In this exercise, retype exactly and only the lines from the top of the entries below through the line that holds "De woonkamer met", omitting pictures.

Dataset excerpts:
·····

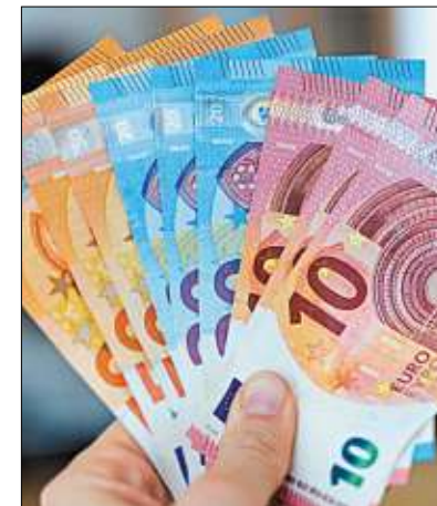
Ob Geld glücklich macht, dazu wurde vielfach geforscht.

Jan Dethley, Glücksforscher und Psychologe der Universität
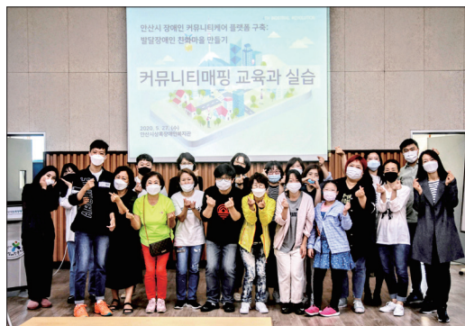
▲ 발달장애인 친화마을, 우리에게 맡겨요!

장애인 고용·사진 메뉴판·보완대체의사소통·경사로 유무 등)를 등록할 수 있다. 발달장애인과 가족은 평점을 보고 관람할 영화나 식당을 정하는 것처럼, 이용할 상점을 정할 때 앱에 표시된 정보를 참고할 수 있다.
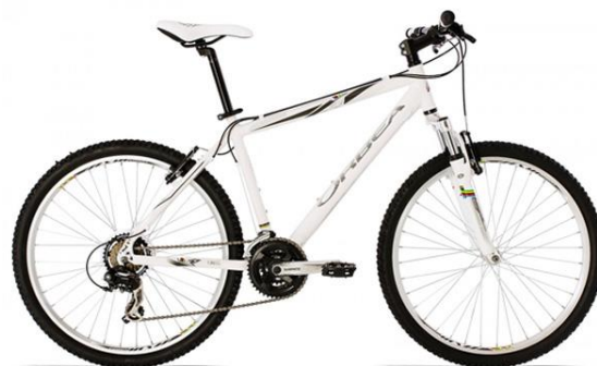
Bicicleta MTB Orbea TUAREG
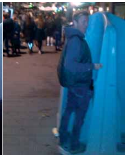
Der havde jeg sgu nær pisset i bukserne.
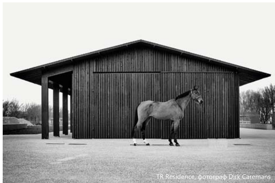
TR Residence
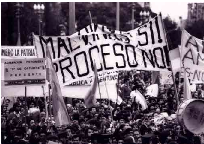
Figura 1. Manifestación en la Plaza de Mayo
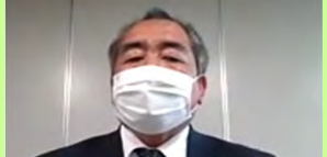
袋井土木事務所長
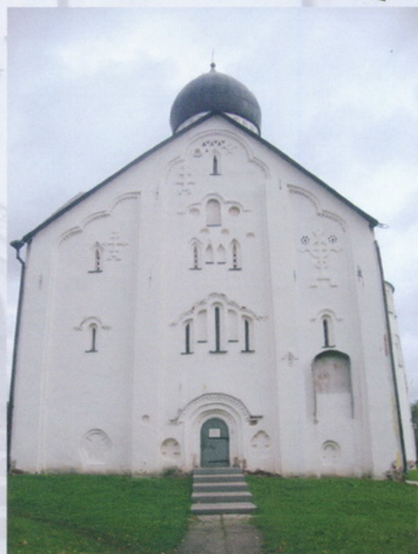
Спасо - Пресображенский собор
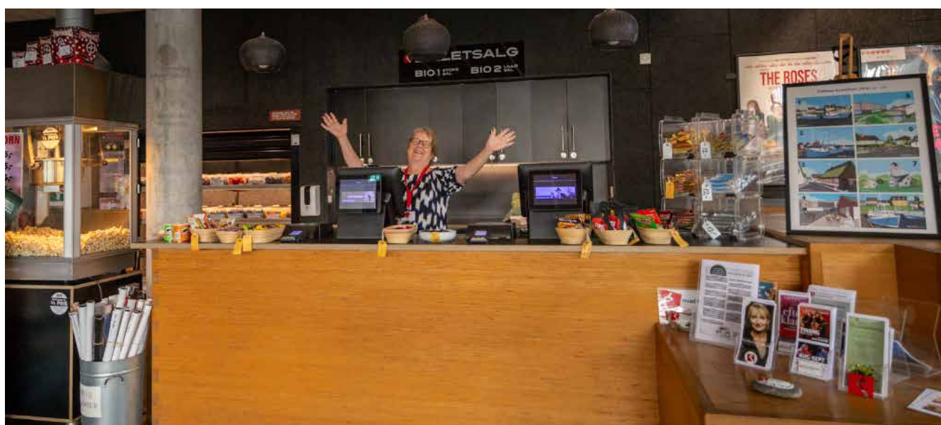
Velkommen i biografen

Selvom der er forskellige grunde, er der nogle fællestræk i engagementet og også i den hyldest fra lokalbefolkningen, der bliver huset til del.
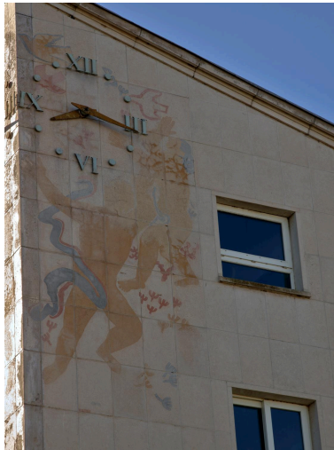
Peintures accompagnant les deux horloges : détail du décor de l'élévation nord-est (2025) IVR84_20250300335NUC4A

Peintures accompagnant le cadran solaire, état actuel (2025) IVR84_20250300332NUC4A
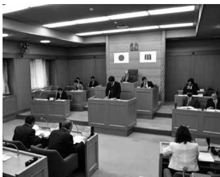
予算補正の議案説明

歳入歳出それぞれ9,434万5千円を増額し、予算総額は36億3,760万9千円となりました。これは、物価高対応子育て応援手当の支給、地域振興券の配布、昨年11月に発生した村道井光線の落石災害に伴う災害復旧事業の実施などが主な内容です。
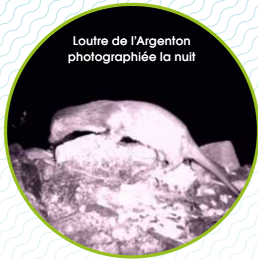
Loutre de l'Argenton photographiée la nuit

Le suivi de la loutre et du castor est mené dans le cadre du « réseau mammifères du bassin de la Loire », organisé par l'ONCFS depuis 2007. Ce réseau regroupe entre autres les syndicats de rivière, les fédérations de pêche et de chasse et les associations naturalistes. Il permet le recensement des espèces et la cartographie de leur répartition.
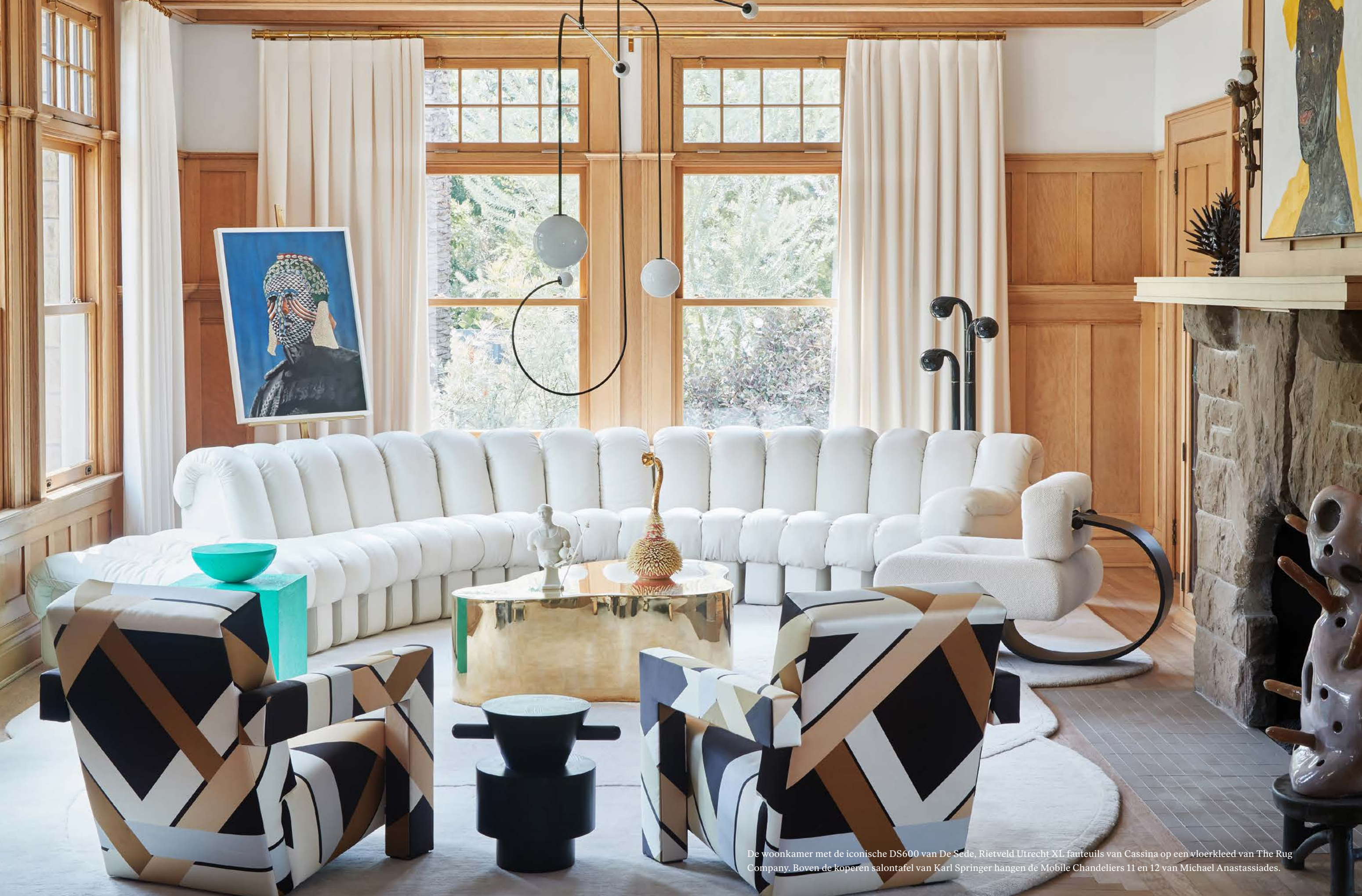
De woonkamer met de iconische DS600 van De Sede, Rietveld Utrecht XL fauteuils van Cassina op een vloerkleed van The Rug Company. Boven de koperen salontafel van Karl Springer hangen de Mobile Chandeliers 11 en 12 van Michael Anastassiades.
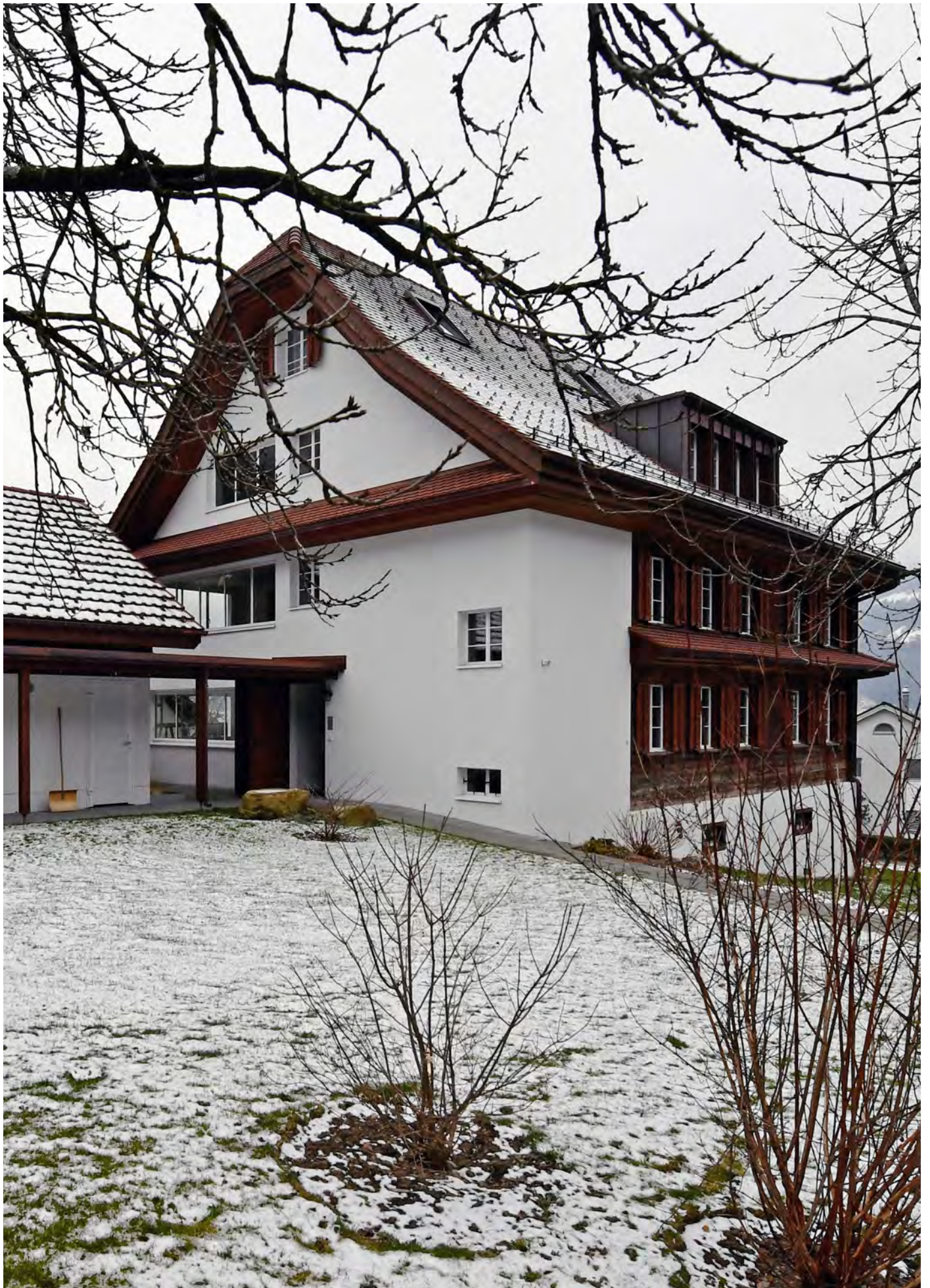
MFH Belimatte, Bürglen Um- und Anbau, 2019, Foto: Reto Scheiber
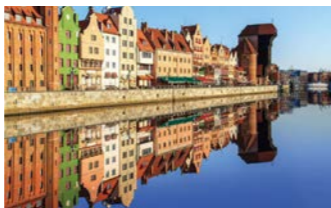
運河沿いにカラフルな建物が並ぶグダニスク旧市街

様子は、船を使った貿易で栄えた中世の繁栄を彷彿とさせます。レンガ造りの建物、カラフルな彩りの町並みなどをゆっくりとご覧ください。
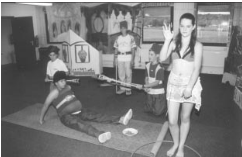
In der Sage über die Peskő-Höhle die Türkenzeit...
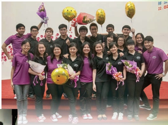
結業禮與弟兄姐妹同喜樂
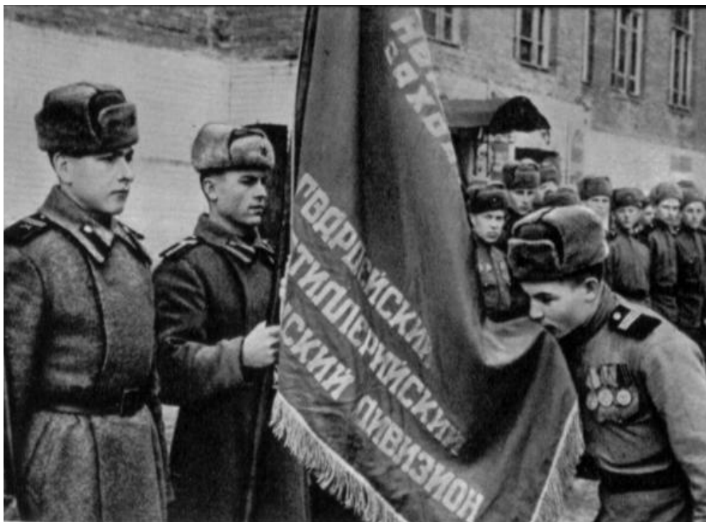
Проводы демобилизованных воинов. 1945 год

Ессентуки, Железноводск и Минеральные Воды увольнение разрешалось только лицам, проживавшим в этих городах до призыва на военную службу. Демобилизованные карачаевцы, калмыки, чеченцы, ингуши, балкарцы, крымские татары и болгары, греки направлялись по месту расселения их семей или родственников.
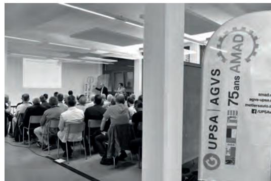
75 ans AMAD
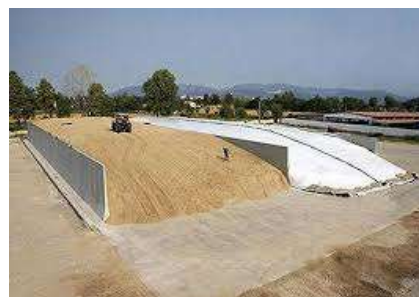
Рис. 2.2.6. Типы силосных траншей [57]

Перед загрузкой силосной траншеи ее необходимо очистить, отремонтировать и дезинфицировать, а дно должно быть выстлано соломой или качественной пленкой. Подъездные пути к силосной траншее должны
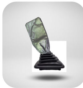
CUBRE PALANCA DE VELOCIDADES VINIL PLATA 1 PIEZA
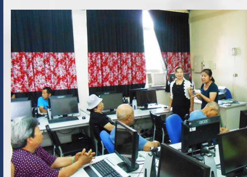
橫山數位機會中心
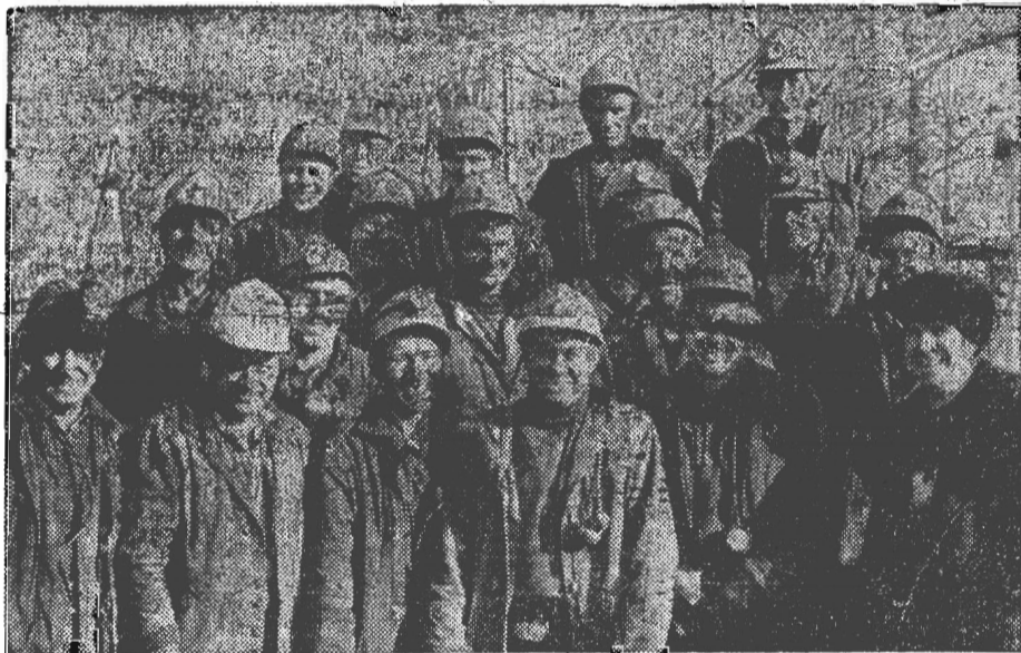
Сегодня на КСК
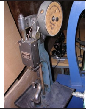
#39 Automatique soling machine
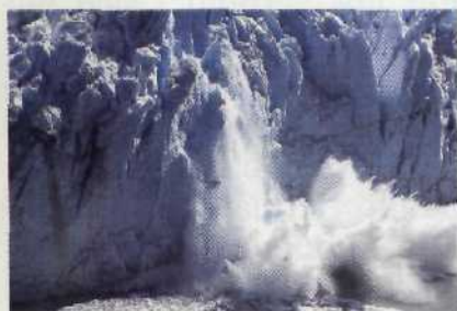
Patagonien: Der Moreno-Gletscher entläßt sich von Zeit zu Zeit in gewaltigen Explosionen Seite 34
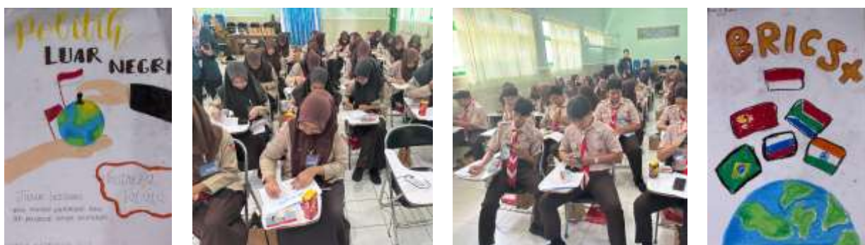
Gambar 4. Refleksi Kreatif Pembuatan Poster

Puncak kegiatan adalah materi utama mengenai BRICS++ yang membahas sejarah, dinamika, serta implikasi keanggotaan Indonesia. Untuk menjaga interaktivitas, digunakan platform Mentimeter agar siswa dapat menyampaikan opini secara real-time. Empat alasan yang ditekankan, berpikir kritis, relevansi karir, kompetensi global, dan kemampuan beradaptasi, selaras dengan tujuan Global Citizenship Education UNESCO (2015). Setelah itu, siswa diarahkan untuk membuat poster sebagai bentuk refleksi kreatif. Metode ini dipilih karena tidak hanya memperkuat daya ingat, tetapi juga mendorong siswa menyusun ide secara visual dan komunikatif (Sari et al., 2023).
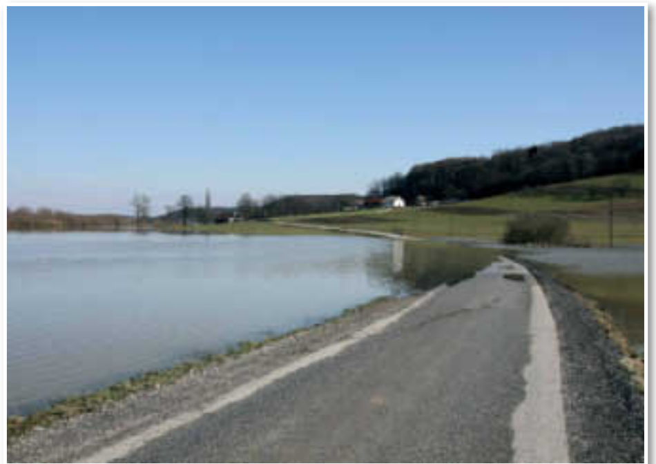
Reka Pesnica ob močnejšem deževju kljub regulaciji pogosto prestopi bregove

letih nekajkrat oklestila njihov pridelek in tem tudi zaslužek. Tako so se letos povsem upravičeno nadejali obilne in kvalitetne letine. Žal pa je letošnji september bolj kot s soncem postregel z rekordno količino padavin in se s 189 litri na m 2 vpisal kot najbolj »moker« september v zadnjih desetih letih v Slovenskih goricah. Desetletno septembrsko povprečje je bilo krepko preseženo, saj znaša 117 litrov na m 2 . Večja količina dežja v zadnjem desetletju je padla le še v treh mesecih in sicer julija in avgusta 2005 – 235 in 217 litrov na m 2 - ter v lanskem avgustu, 192 mm
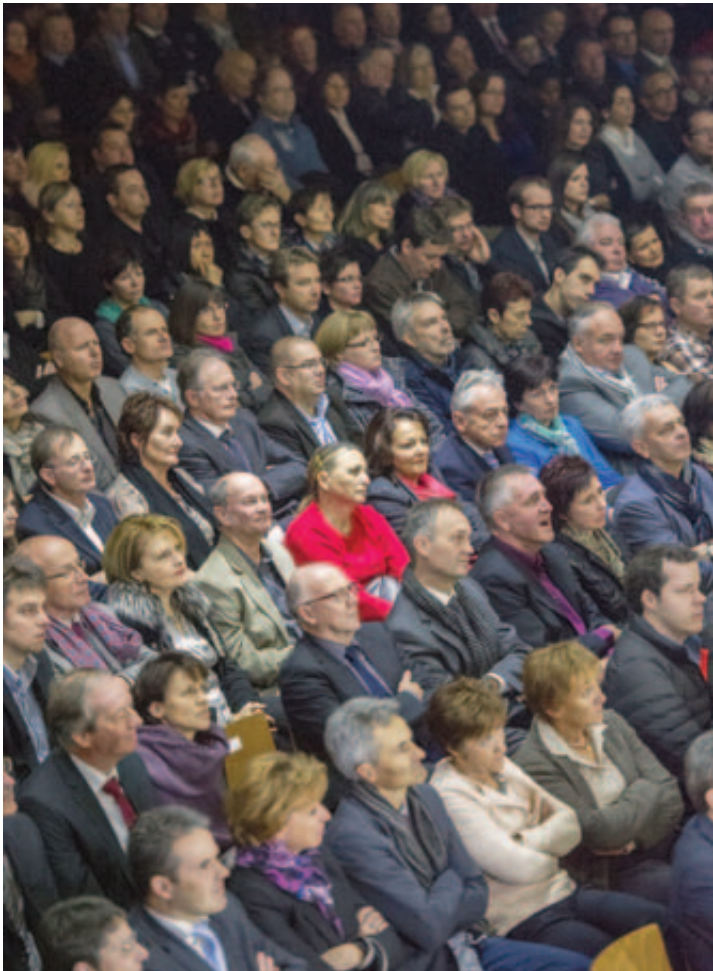
Salle comble hier soir à Châteauneuf pour la remise du Prix Sommet 2013. BITTEL
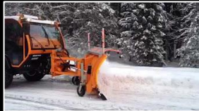
Anbaugerät: Schneepflug ZAUGG

EUROTRANS / SWISSTRANS - MULTIFUNKTIONAL – AUF-/ANBAUGERÄTE Übersicht
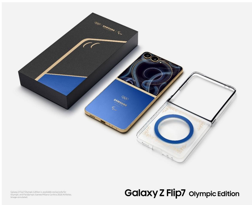
▲ 「Samsung Galaxy Z Flip7 Olympic Edition」のパッケージ

これらの機能に加え、「Samsung Galaxy Z Flip7 Olympic Edition」はオリンピック・パラリンピック冬季競技大会への出場を記念した特別デザインを採用し、さらに、選手村での生活や競技期間中の体験をより豊かにする実用的なサービスを提供します。
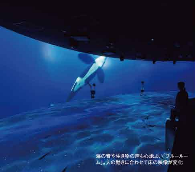
海の音や生き物の声も心地よい「ブルールーム」。人の動きに合わせて床の映像が変化
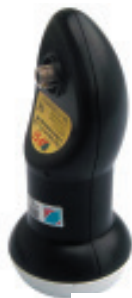
LNB KU ( K3 )
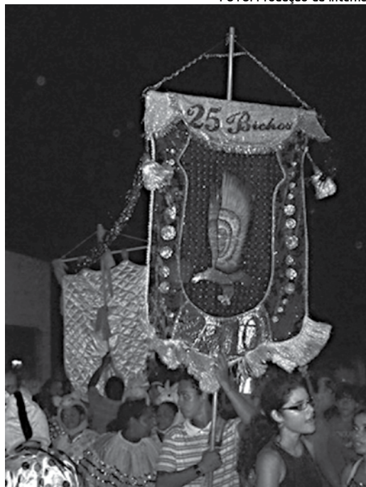
"Os 25 bichos" é um dos mais antigos blocos de Jaguaribe; "Os Portadores Folia", um dos novos na capital
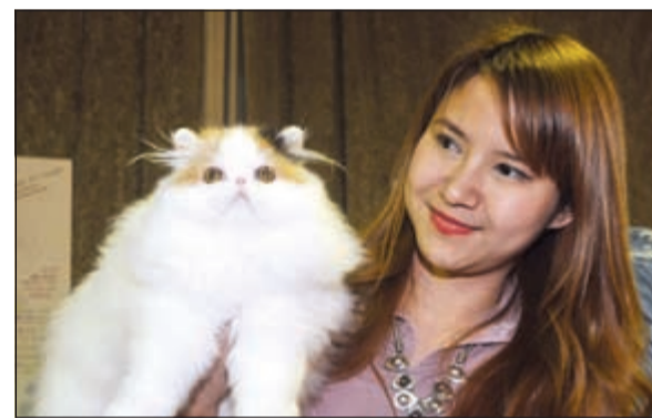
قطة جميلة مشاركة

·····

Reply:
Ob Geld glücklich macht, dazu wurde vielfach geforscht.

Jan Dethley, Glücksforscher und Psychologe der Universität
▲ 발달장애인 친화마을, 우리에게 맡겨요!

장애인 고용·사진 메뉴판·보완대체의사소통·경사로 유무 등)를 등록할 수 있다. 발달장애인과 가족은 평점을 보고 관람할 영화나 식당을 정하는 것처럼, 이용할 상점을 정할 때 앱에 표시된 정보를 참고할 수 있다.
Bicicleta MTB Orbea TUAREG
Der havde jeg sgu nær pisset i bukserne.
TR Residence
Figura 1. Manifestación en la Plaza de Mayo
袋井土木事務所長
Спасо - Пресображенский собор
Velkommen i biografen

Selvom der er forskellige grunde, er der nogle fællestræk i engagementet og også i den hyldest fra lokalbefolkningen, der bliver huset til del.
Peintures accompagnant les deux horloges : détail du décor de l'élévation nord-est (2025) IVR84_20250300335NUC4A

Peintures accompagnant le cadran solaire, état actuel (2025) IVR84_20250300332NUC4A
予算補正の議案説明

歳入歳出それぞれ9,434万5千円を増額し、予算総額は36億3,760万9千円となりました。これは、物価高対応子育て応援手当の支給、地域振興券の配布、昨年11月に発生した村道井光線の落石災害に伴う災害復旧事業の実施などが主な内容です。
Loutre de l'Argenton photographiée la nuit

Le suivi de la loutre et du castor est mené dans le cadre du « réseau mammifères du bassin de la Loire », organisé par l'ONCFS depuis 2007. Ce réseau regroupe entre autres les syndicats de rivière, les fédérations de pêche et de chasse et les associations naturalistes. Il permet le recensement des espèces et la cartographie de leur répartition.
De woonkamer met de iconische DS600 van De Sede, Rietveld Utrecht XL fauteuils van Cassina op een vloerkleed van The Rug Company. Boven de koperen salontafel van Karl Springer hangen de Mobile Chandeliers 11 en 12 van Michael Anastassiades.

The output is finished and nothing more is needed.